═══ RECORDS ═══

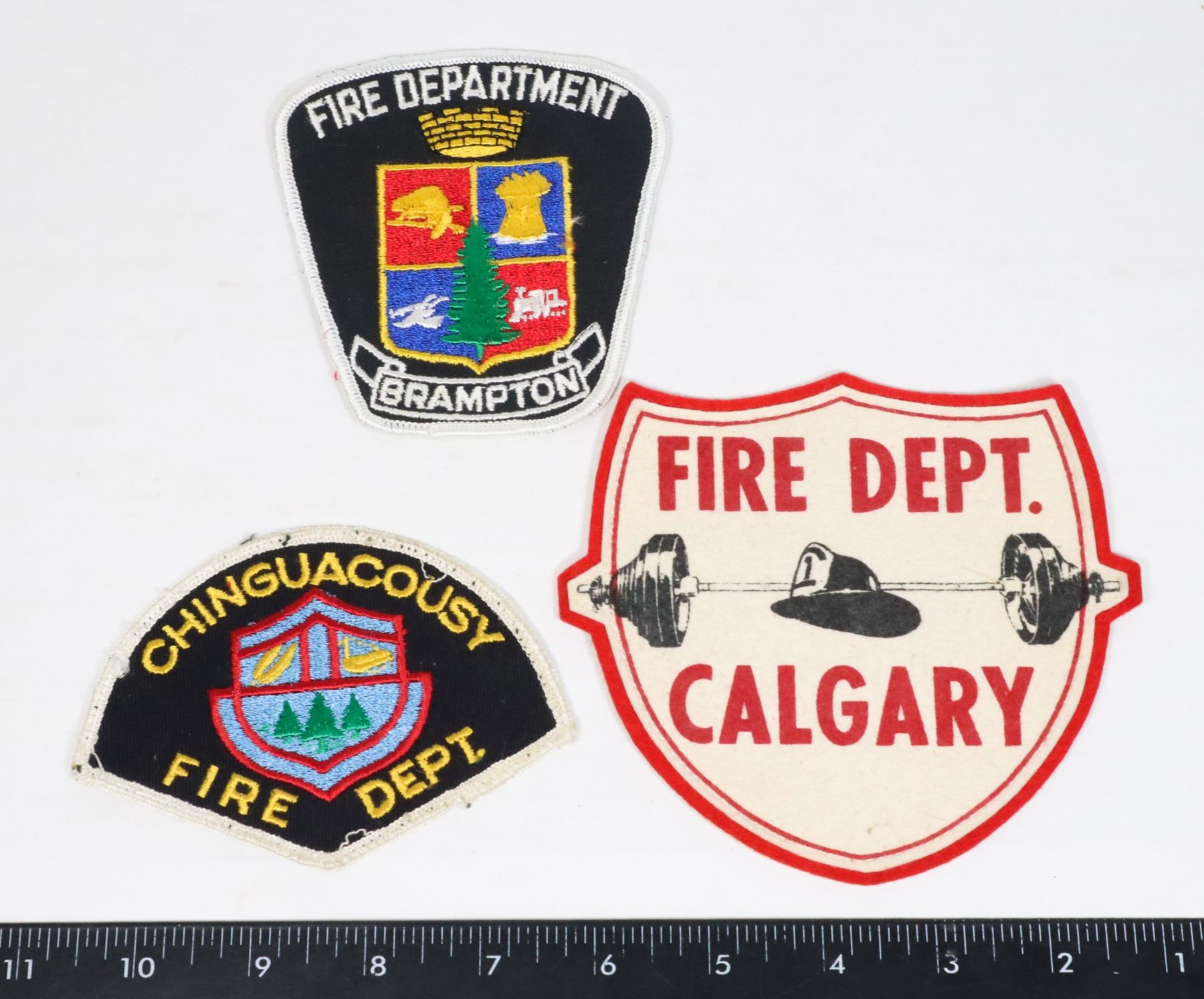VINTAGE BRAMPTON FIRE DEPARTMENT PATCH AND VINTAGE CALGARY FIRE DEPARTMENT LARGE PATCH BY BYD COWAN LTD EDMONTON ALBERTA CLOTH
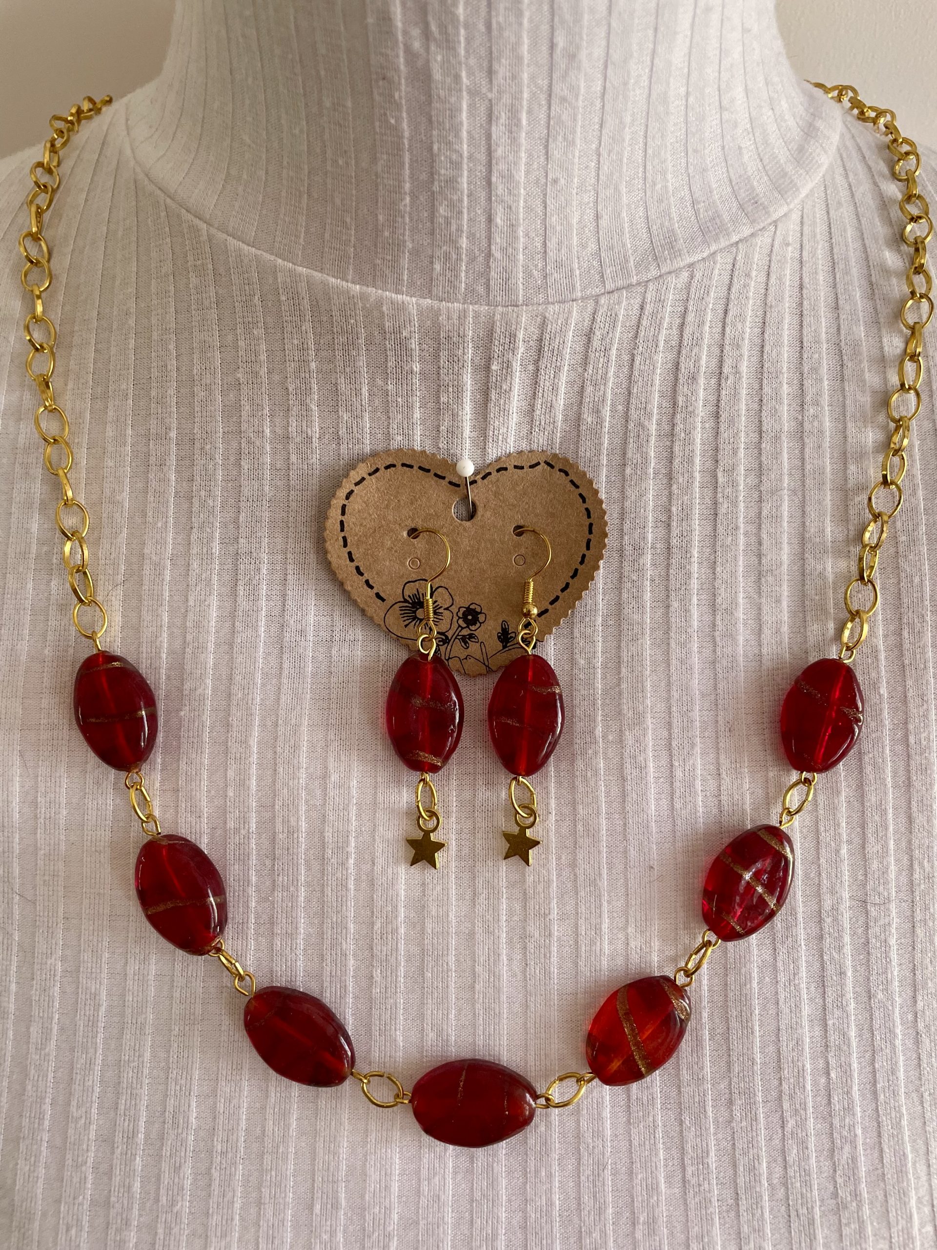 Eine elegante goldfarbene Halskette mit 7 eingearbeiteten roten Perlen. Dazu gibt es passende Ohrringe.
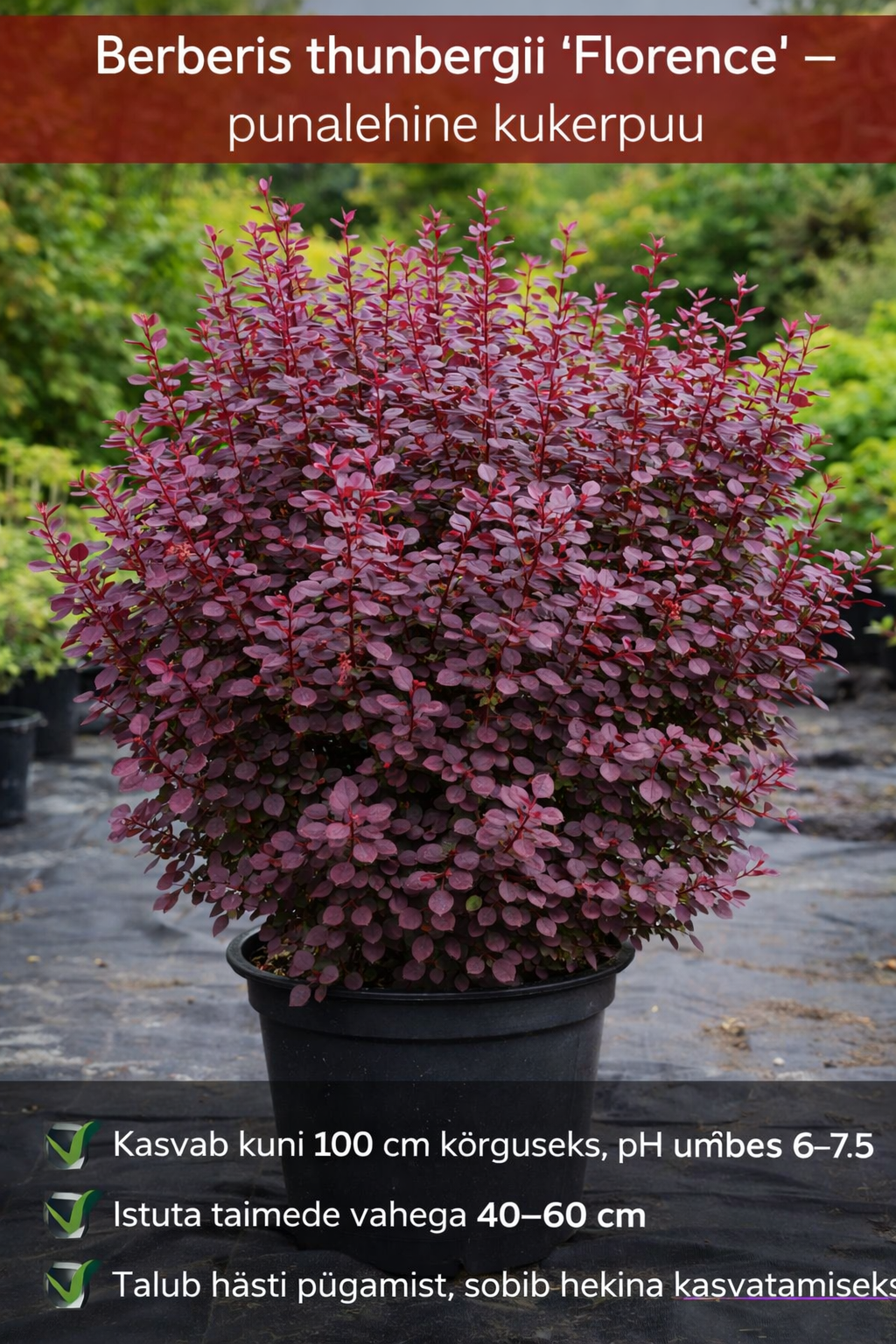 Berberis thunbergii ‘Florence’ on dekoratiivne punalehine kukerpuu, mis sobib hästi hekkideks, istutusalade ääristamiseks ja kiviktaimlatesse. Kompaktne ja tihe kasvukuju muudab selle väga heaks valikuks nii väiksematesse kui suurematesse aedadesse. Taim on vastupidav ja sobib hästi Eesti kliimasse.
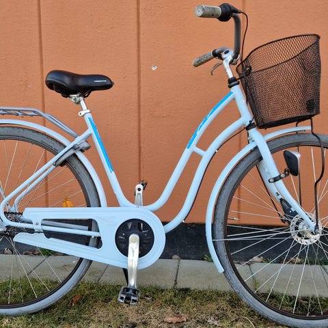 Ghost cykel för unisex med 28" hjul. Cykeln har en lätt ram med lågt insteg, raka styren och dämpad framgaffel. Utrustad med pakethållare bak, skärmar och reflexer på hjulen. Passar för vardagscykling, pendling och fritidsturer på väg och lättare grusvägar.
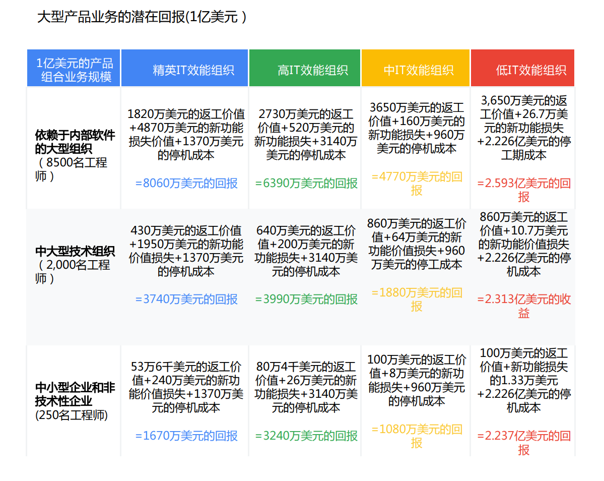 白皮书中是基于《加速度:DevOps 状态报告》的数据,以大型产品业务(1亿美元)的潜在汇报为例,最后的计算结果如下。
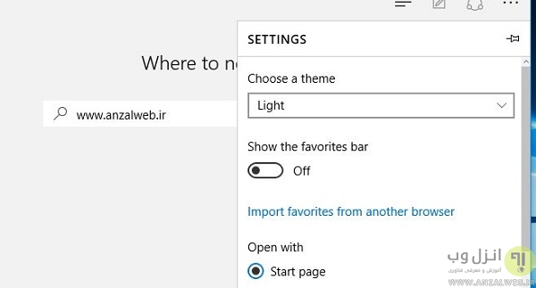 در مرورگر بر روی آیکن سه نقطه کلیک و گزینه Setting را انتخاب کنید و سپس بر روی Import favorites from another browser کلیک کنید.
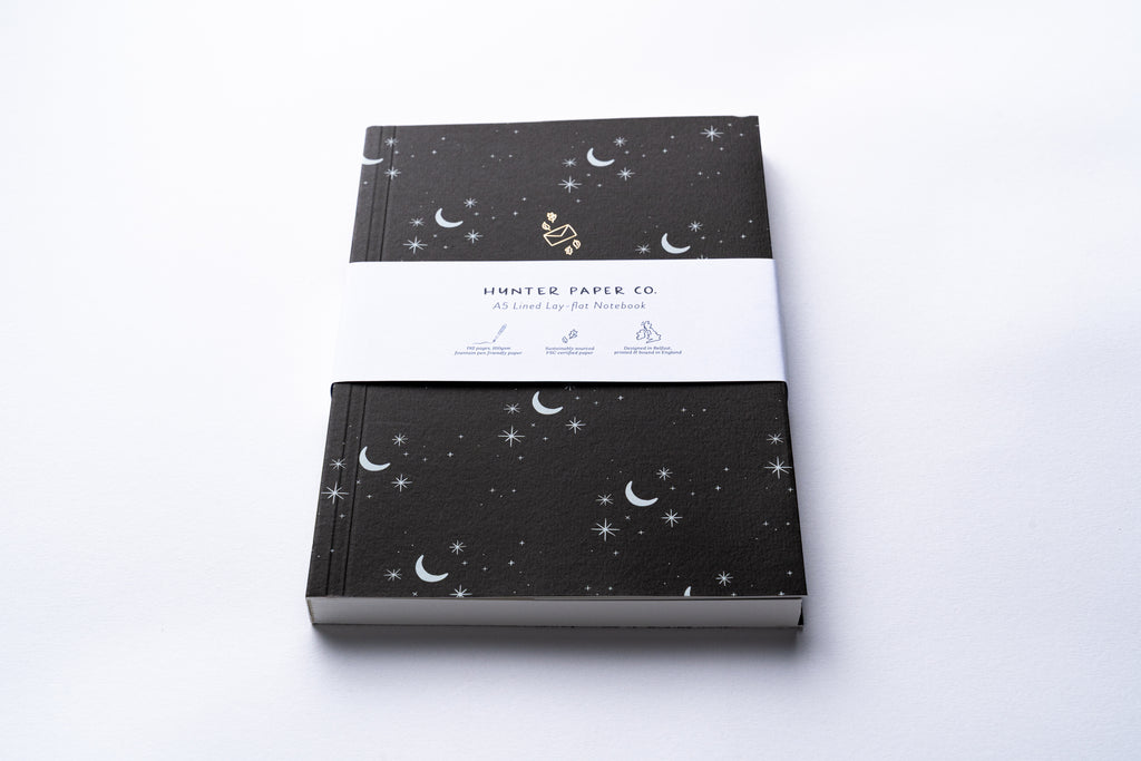 Designed by us in-house and bound by a family-run English bindery, this A5 notebook combines thoughtful design with practical functionality. The lay-flat binding opens completely flat, perfect for writing, drawing, or planning across double spreads without interruption.
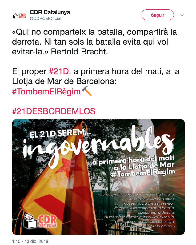 A través de su cuenta de Twitter, estos comités han bautizado la movilización con el lema “el #21D serem ingovernables”. En estos mensajes, llaman a tomar las calles, organizar la respuesta y preparar la resistencia. Uno de los hashtag bajo los que organizan la movilización en esta red social es #TombemElRègim.
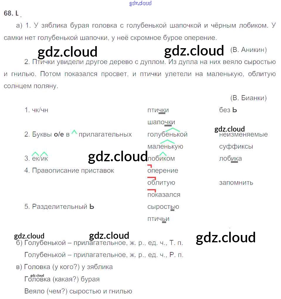 Ответ на задание 68 Учебник Русский язык за 3 (третий) класс Нечаева, Яковлева УМК 2014 Часть 1, 2 ФГОС онлайн и без номера телефона.
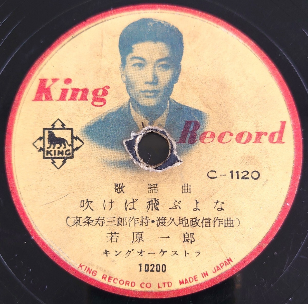 - 【SP盤レコード/薄ヒビ】KING RECORD C-1120歌謡曲/吹けば飛ぶよな 若原一郎/放浪日記 三条町子
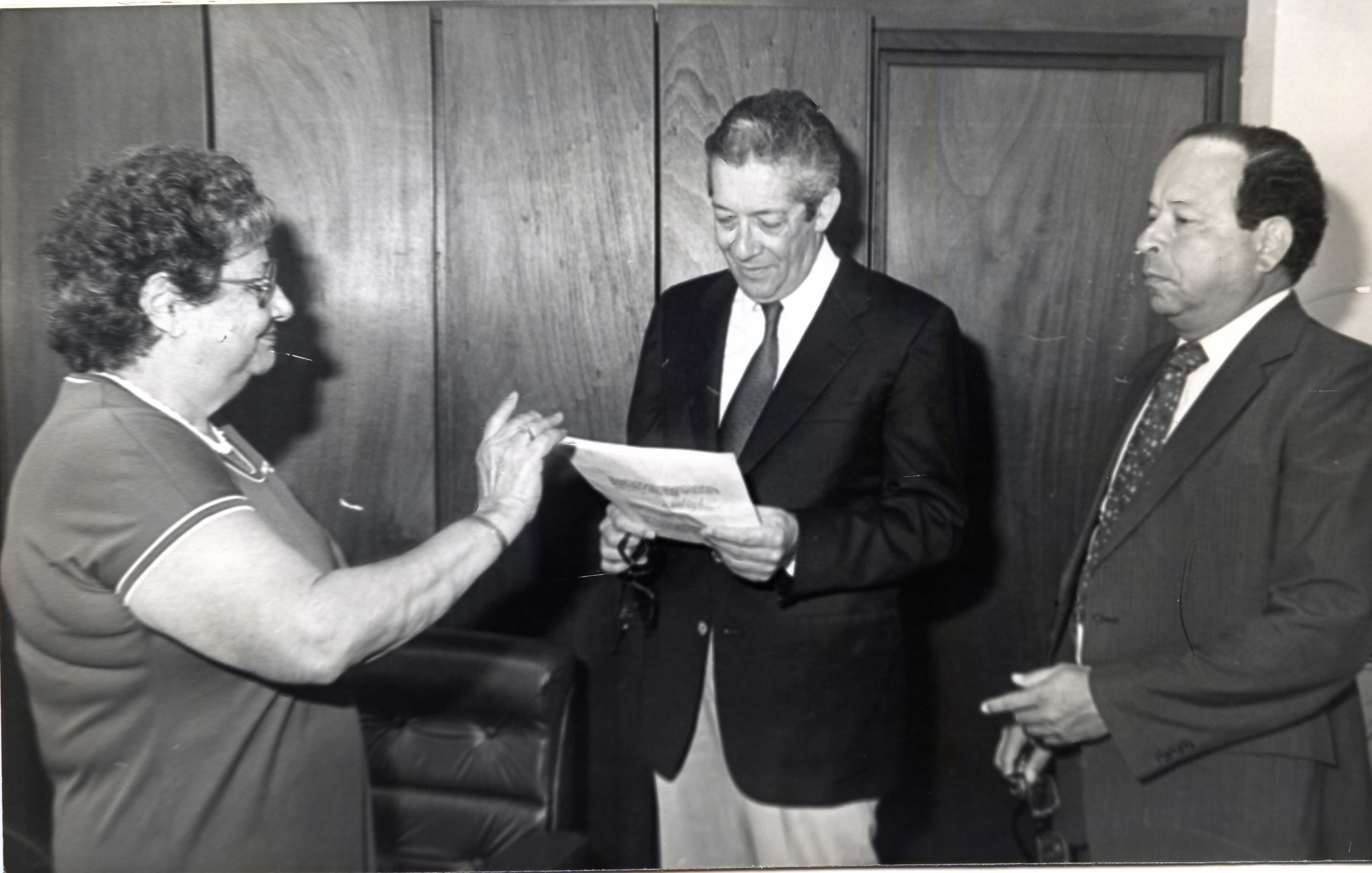 Nacionalización de la Señora Esther Capuanoy Barrocas, nacida en Charlo Idine de Turquía. En la fotografía se distingue el Alcalde Alvaro Navía Prado y el Secretario General de la Alcaldía Octavio Montalvo Escobar >El Archivo del Patrimonio Fotográfico y Fílmico del Valle del Cauca es responsabilidad de la Biblioteca Departamental del Valle Jorge Garcés Borrero, por convenio de cooperación suscrito con la Secretaria del Cultura Departamental, con el fin de aunar esfuerzos para su conservación, preservación y divulgación del Archivo entre la comunidad Vallecaucana, especialmente entre los estudiantes e investigadores que visitan la Biblioteca, propiciando el su uso y consulta permanente. La universidad Icesi es un colaborador en el proceso de difusión, facilitando la tecnología que permite la consulta de las imágenes.
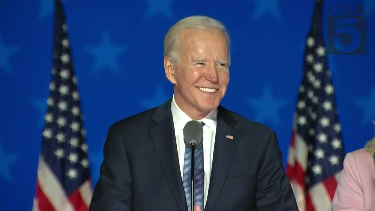 In a brief address on national television, flanked by American flags and his vice presidential pick Kamala Harris, Biden said he wasn’t yet declaring victory, but said that “when the count is finished, we believe we will be the winners.”
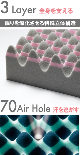 AIRのウレタンの通気を促進する70個の通気孔が、湿気や汗を拡散・放湿。冬はあたたか、夏はさわやかにご使用いただけます。
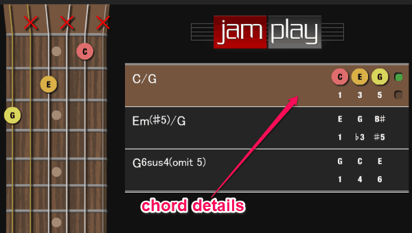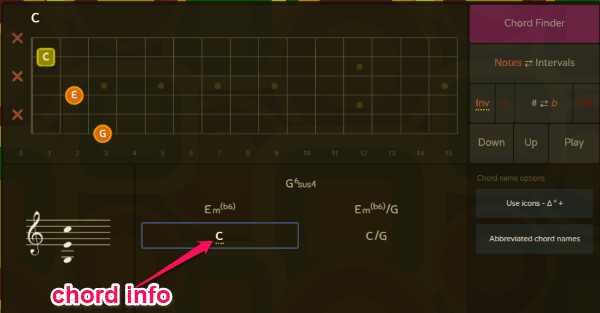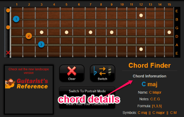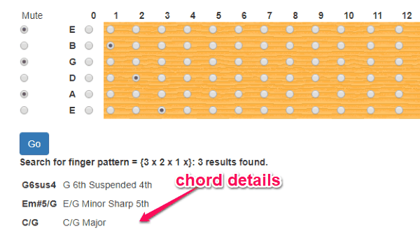 Chord Namer is quite similar to All Guitar Chords and allows you to find information of any guitar chord seamlessly. After you open it up, you can go ahead and add the notes on the virtual fretboard. You can simply click on the strings to do that. This reverse chord finder also has the option to mute strings or keep them open manually. Once done, hit the “Go” but\ton and then it will automatically generate the result for you. In the result, you will see the chord details like chord name, chord symbol, and all the other chords which can be created with the same notes.
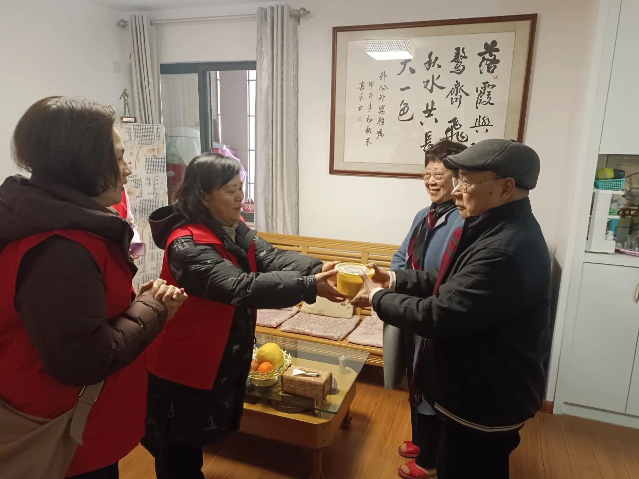 随后,大家前往社区退役老兵——80岁高龄的袁启雄、薛淑贞夫妇家中,详细询问他们的身体状况和生活情况,倾听他们的军旅故事,感谢他们为国家和人民做出的贡献,并将一碗饱含深情的拗九粥送到他们手中。

═══

### WHAT YOU HAVE TO DO
Leaving out each picture, repeat exactly the lines above from the one that contains "A través de" through the one that contains "AIRのウレタンの通気を促進".

### EXERCISE RESULT
 A través de su cuenta de Twitter, estos comités han bautizado la movilización con el lema “el #21D serem ingovernables”. En estos mensajes, llaman a tomar las calles, organizar la respuesta y preparar la resistencia. Uno de los hashtag bajo los que organizan la movilización en esta red social es #TombemElRègim.
 Ответ на задание 68 Учебник Русский язык за 3 (третий) класс Нечаева, Яковлева УМК 2014 Часть 1, 2 ФГОС онлайн и без номера телефона.
 - 【SP盤レコード/薄ヒビ】KING RECORD C-1120歌謡曲/吹けば飛ぶよな 若原一郎/放浪日記 三条町子
 Nacionalización de la Señora Esther Capuanoy Barrocas, nacida en Charlo Idine de Turquía. En la fotografía se distingue el Alcalde Alvaro Navía Prado y el Secretario General de la Alcaldía Octavio Montalvo Escobar >El Archivo del Patrimonio Fotográfico y Fílmico del Valle del Cauca es responsabilidad de la Biblioteca Departamental del Valle Jorge Garcés Borrero, por convenio de cooperación suscrito con la Secretaria del Cultura Departamental, con el fin de aunar esfuerzos para su conservación, preservación y divulgación del Archivo entre la comunidad Vallecaucana, especialmente entre los estudiantes e investigadores que visitan la Biblioteca, propiciando el su uso y consulta permanente. La universidad Icesi es un colaborador en el proceso de difusión, facilitando la tecnología que permite la consulta de las imágenes.
 In a brief address on national television, flanked by American flags and his vice presidential pick Kamala Harris, Biden said he wasn’t yet declaring victory, but said that “when the count is finished, we believe we will be the winners.”
 AIRのウレタンの通気を促進する70個の通気孔が、湿気や汗を拡散・放湿。冬はあたたか、夏はさわやかにご使用いただけます。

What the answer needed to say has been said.